Vera List, a San Francisco psychoanalyst, has discovered that someone is routinely breaking into her files, which have sensitive content that is highly personal to her patients. Obviously, that presents a touchy situation, one that Dr. List hopes to resolve without any blowback on her and with as few people knowing about it as possible. That’s where Fane comes in. A friend of a friend recommends him to Vera, so they meet to size each other up. Dr. List says that two of her patients are apparently having an affair with the same man, and this man has been using the stolen information from Vera’s files to manipulate the women. But to what end? He already has them happily meeting him for some pretty wild sex, so where is he heading with this? Vera notes, with mounting dread, that the affairs are taking a dangerous turn.
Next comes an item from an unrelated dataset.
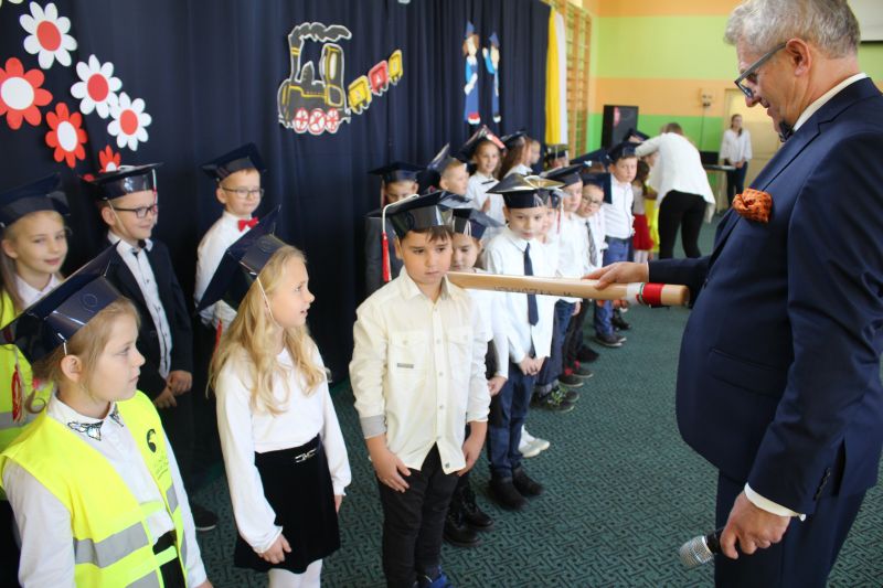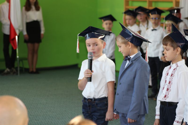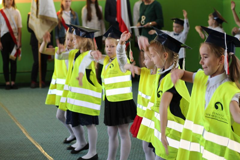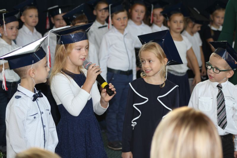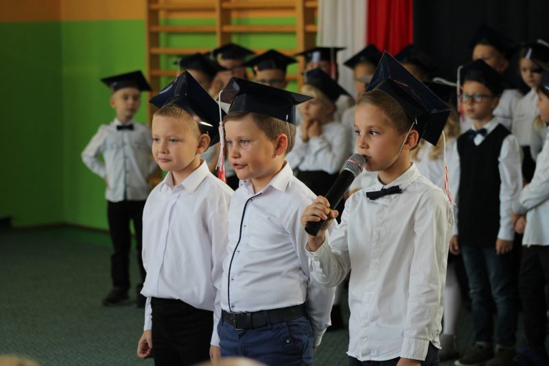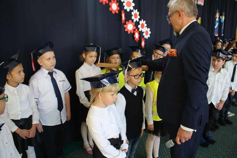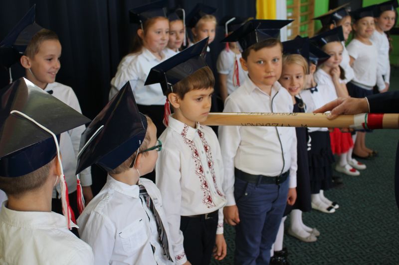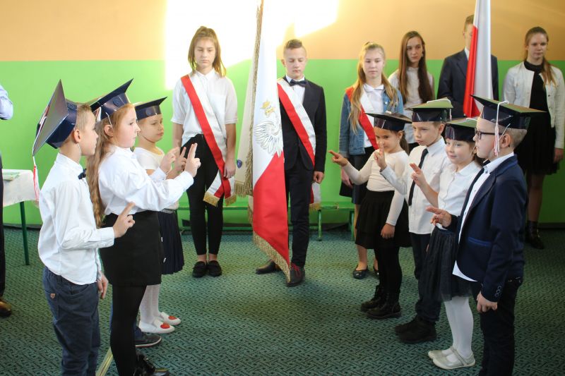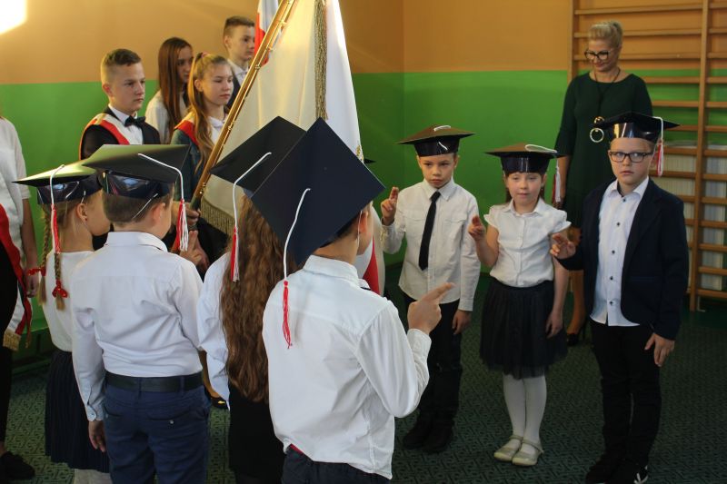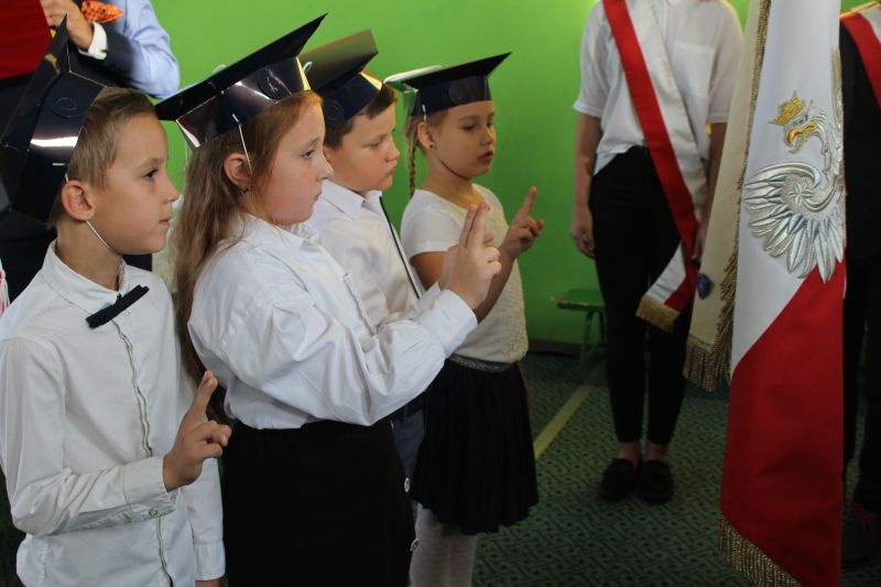 W niezwykle podniosłej atmosferze, przed pocztem sztandarowym, pierwszacy ślubowali być dobrymi uczniami i Polakami, a swym zachowaniem i nauką sprawiać radość rodzicom i nauczycielom. Dyrektor szkoły dokonał pasowania symbolicznym ołówkiem.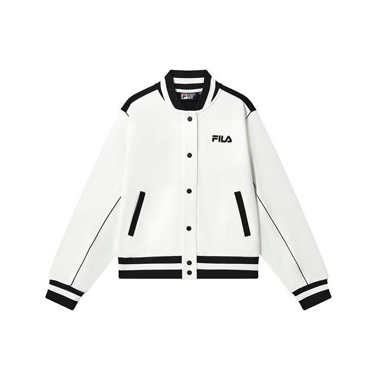 Fila Хлопковая куртка-бомбер в стиле колледжа с принтом логотипа, однобортная, женская, облачно-белая F11W319507F-WT

During their visits with Dr. List, the two patients, Elise and Lore, struggle to understand an abrupt change that has come over their lover. Vera is careful not to let on how much she knows, but just how long can she hold out? Lore and Elise, vulnerable in so many ways, could be heading toward a disastrous psychological break. Or worse. Or…they just may find a strength they didn’t realize they had. Given the raw facts, survival instinct might kick in. That is, if they can stay alive.

The man --- we’ll call him Ray, for that’s one of the names he calls himself --- has tried this sort of psychological push before, only not on civilians. His past shows a dark specialty during his military stint, which he now hopes to continue and even perfect after his somewhat hushed discharge. But soldiers and housewives are totally different creatures. And Ray is about to learn just how big the difference is between combat situations and daily life. The biggest danger, though, is if he fails. A man like Ray will not want to leave any witnesses behind.

If Fane has a good handle on things, he may be able to stop this train wreck of a case before it causes too many casualties. But he may have met his match in Ray. The problem is obviously a delicate one, and the solution promises to be messy. If Fane thought it was messy before, when he learns who Ray’s latest employer was, the fear factor really ratchets up. Until then, he didn’t think the situation could be much worse. 

PACIFIC HEIGHTS teems with tension. It gets high points for drama, along with kudos for its exotic setting. It doesn’t get much better than a taut thriller played out in the streets of San Francisco.